Lawrence closed his eyes as he did the math. “Almost eighteen million. God, my whole body is tingling. Look at that.” His right hand shook in the beam of his headlamp.

Abigail glanced over her shoulder, saw June wandering off into another part of the mine.

“I’m gonna go check on her,” she said.

Abigail struggled to her feet, walked over to June, found her staggering through the dark, shaking her head and muttering to herself.

“What’s wrong, honey?” Abigail asked. “You okay?”

When June looked back, her face had gone pallid and chalky, her eyes sunken, the small woman as bloodless as a cadaver.

She turned suddenly and vomited on the rock.

1893

FIFTY-SIX

 W

hen Stephen Cole raised his left arm, the noise in the chamber began to wane. Soon there was no sound but the occasional squall of a child. He stood in the center of the cavern, taking a moment to regard the horrified faces—these men, women, and children of Abandon who sat huddled together along the walls.

“Would you close your eyes with me?” he said.

Hats came off. Heads bowed. Children were shushed.

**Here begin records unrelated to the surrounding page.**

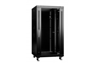 Шкаф монтажный телекоммуникационный 19" напольный для распределительного и серверного оборудования 22U 600x800x1166mm (ШхГхВ) передняя стеклянная и задняя сплошная металлическая двери, ручка с замком, цвет черный (RAL 9004)
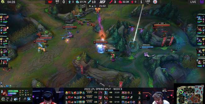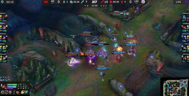 但阵容打龙的速度有点慢,蔚进场抢下大龙,蛇女复活TP到正面后,LGD只能作鸟兽散,被WE打出1换3的完胜抢走大龙,经济瞬间拉开到8K。
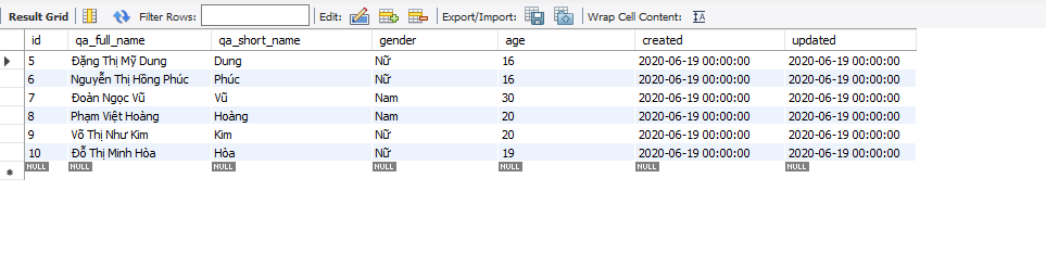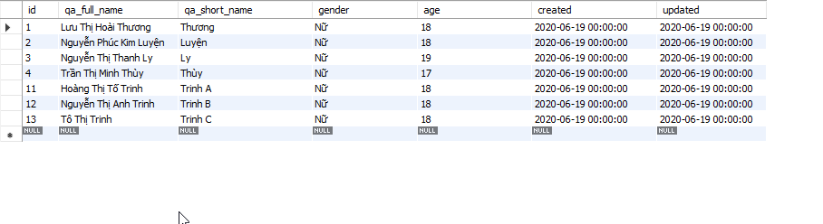 Cú pháp 3: Tìm tất cả các QA có qa_full_name chứa "Thị" ở vị trí bất kỳ:
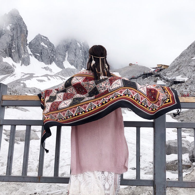 民族风围巾薄款 披肩女云南青海草原旅游穿搭丝巾海边纱巾防晒西北
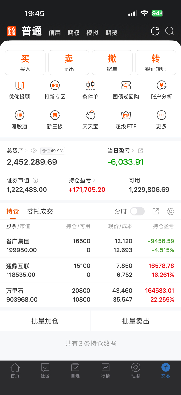 $通鼎互联(SZ002491)$ 今天三只都T了,三只都没算T的很好,不然今天不至于绿。$省广集团(SZ002400)$ $万里石(SZ002785)$ #复盘记录# #炒股日记# #实盘记录#

“Father.” Stephen Cole fell to his knees. “We come before You on this, the night of our Savior’s birth, a greedy, wicked, corrupt assembly. It is a dark hour. We have provoked Your wrath and for that I fall on my face and beseech Your forgiveness.” The preacher prostrated himself, his cheek against the cold rock floor. “I lift up the children to You, dear God. Children! I beg You.” His voice unraveled. “I beg You. Deliver them. Let them not be afraid, and if it be possible, allow this cup to pass.” The preacher’s tears ran down into the crevices of the rock. He whispered, “What of grace? Oh, my Father, what of grace? But not as I, but as Thou wilt. In Your Son’s holy name. Amen.”

Stephen wiped his face and rose to his feet, dusted the silt from his great-coat, replaced his visored felt hat. He approached the town blacksmith, a small, well-liked man named Mason Stetler.

“Mason,” he said, “I leave the town to your care. You’re capitan. I’m going out that door now, and I’m going alone. If you hear a knock in quick intervals of three, know that it’s me, but don’t open it for any other reason. Better paint for war.”

“Mind your hair, Stephen. Got a shootin iron?”

“Yes.”

Someone grabbed Stephen’s arm. He turned, faced Gloria Curtice, her wet, probing eyes still grasping for a shred of hope.